Зимой. А Чаинский хорош.

Манерничает много.

А в другом конце возвышали голос: "Я вам уже третий раз говорю: главное оправдание Бога состоит в том, что Он не нуждается в наших оправданиях! Вспомните Иова." И всем было неловко, и все обещали не ходить сюда больше, но, изнывая от курортной тоски, вечерами опять тащились на Приморскую, где их встречал плешивый камердинер и сверзившиеся с колонн львы.

Раз в год у Шаховской устраивали состязания, выбирая короля поэтов. Чаинский называл их турнирами банальностей, но охотно участвовал. Вокруг него клубились дамы полусвета, с папиросами в длинных мундштуках и газовых платьях. Юные дарования - девицы из купеческих семей и плаксивые веснушчатые гимназисты - доставали мятые листки, читали по- петушиному, смущённо краснея. Те, кто поопытнее, с меланхолической отрешённостью закатывали глаза, заламывали руки, а сорвав аплодисменты, топтались манекенами. "Шедевр! - выносила приговор хозяйка, поклонявшаяся всему французскому - Почти Рембо. Вы читали его "Лето в аду"?"

"Бонжур, Серж!" - грассируя в нос, встретила она Чаинского, протянув для поцелуя дырчатую перчатку.

Ты нас осчастливишь?" После бурного романа, о котором говорил весь город, они оставались на "ты". Чаинский пожал плечами. "Я надеюсь", - улыбнулась она, шурша шелками навстречу очередному гостю. А Чаинский подумал, что у мужчин обращают внимание на глубину мыслей, у женщин - на глубину декольте.

Густел вечер. В зале пестрели поэтессы, шаркали по выщербленному паркету недоучившиеся студенты, молодёжь окружила толстенького критика, холодно кивнувшего Чаинскому - они были соперники, оба претендовали быть законодателями вкусов и пользовались расположением дам. "Ямб и хорей уже на закате,

проходя, услышал Чаинский, - сегодня все упирают на внутренний ритм, потому что поэзия - лингвистическая проекция бессознательного, как утверждает немецкая школа." "Да что ты знаешь о поэзии? - подумалось Чаинскому, вспомнившему домашнего шамана.

Дух дышит, где хочет, его не загонишь под спуд монографий."

Задули часть свечей, остальные обнесли лиловыми абажурами, начались чтения. Распоряжалась всем Шаховская, оживлённая и несколько суетливая. Спрятавшись в тень, Чаинский слушал привычные рифмы, испробованные веками интонации, но теперь эти выверенные, испытанные модуляции только оскверняли слова, делая одинаково глупыми и пошлыми. Не выдержав, он вышел в соседний зал. Там играли в карты.

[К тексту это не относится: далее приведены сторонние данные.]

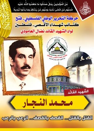 فإننا اليوم في كتائب شهداء الأقصى – فلسطين لواء الشهيد القائد " نضال العامودى"، نحُيى ذكرى إستشهاد قائد فلسطيني كبير ترجم إنتماءه لفلسطين ولقضيته من خلال مسيرة نضالية طويلة تُوجَ فصولها الأخيرة بالشهادة، مجددين العهد والقسم مع الله بأن نمضى قُدماً على الطريق النضالي الذي مضى وقضى عليه الشهيد القائد محمد يوسف النجار وقافلة الشهداء فلسطين الأبطال .
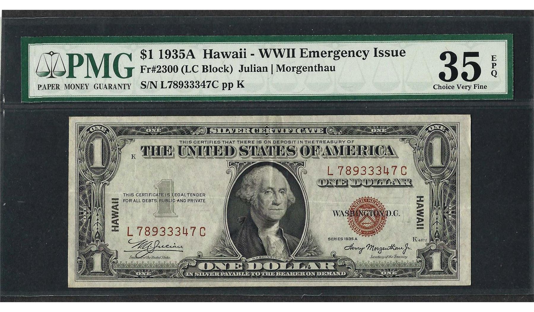 One 1935A $1 Hawaii Silver Certificate WWII Emergency Note PMG Choice Very Fine 35EPQ. PMG Certified.

У нас язык богатый, слов без малого тысяч двести, - заявлял какой-то незнакомый Чаинскому купчик, азартно выхаживая с пик. - Почитай, три аглицких.

Это из-за просторов, - вторил ему гарнизонный врач, благообразный старик, спивающийся после смерти жены. - Россия - ширь, всё смешалось. А у них остров, что тюрьма. Один только Нормандец и приходил за тыщу лет. Оттого мы и смотрим вширь, а не вглубь.

Старик развёл руками, поправляя о стол веер карт.

Англичан погубят нетопленые камины и овсянка, - блеснул третий из игроков, прослывший гурманом, оттого что кормился блюдами парижского повара. - Да-с, легче иметь хорошую литературу, чем хорошую кухню! А что вы ко мне всё глаза запускаете?

Так карты - к орденам. А то, вижу, козырей полк скопили!

Да, язык у нас красивый - работать некогда, - усмехнулся купчик, накрывая бубнового валета.

Врач представил Чаинского, предложил составить банк, но тот сухо откланялся. Развернувшись на каблуках, он услышал, как критик рассыпался в комплиментах какому-то золотушному студенту: "Это поэзия междустрочья, поэзия будущего! У вас, голубчик, лёгкая кисть." Чаинского передёрнуло. Какое-то мрачное отупение навалилось на него, и он распорядился

привезти Сильвестра.

Повозка неслась по каштановой аллее в жёлтом мареве фонарей, заставляя расступаться гуляющих. Сильвестр зажался в угол, его ушные раковины тянули какофонию людских звуков - шипящих, рыкающих, свистящих. Стадо, безжалостное стадо! Ревущее, блеющее, орущее, мычащее, хрюкающее, вопящее, лающее, пищащее. Оно лизало шершавым языком, мучило, корёжило, жгло. За месяц у Чаинского он отвык от этой всепроницающей пытки, прячась в ледяной тишине кабинета, и тем болезненнее был возврат. Его окружал мутный водоворот слов, которые висли, как пиявки, царапали, как дикие кошки, кусали, как бешеные псы. Их полчища облепляли осами, нигде не было спасения от гудящего улья!

Жирной кляксой пала ночь, гости начали расходиться. В сопровождении купчика удалился изрядно набравшийся врач, откланялся розовощёкий критик.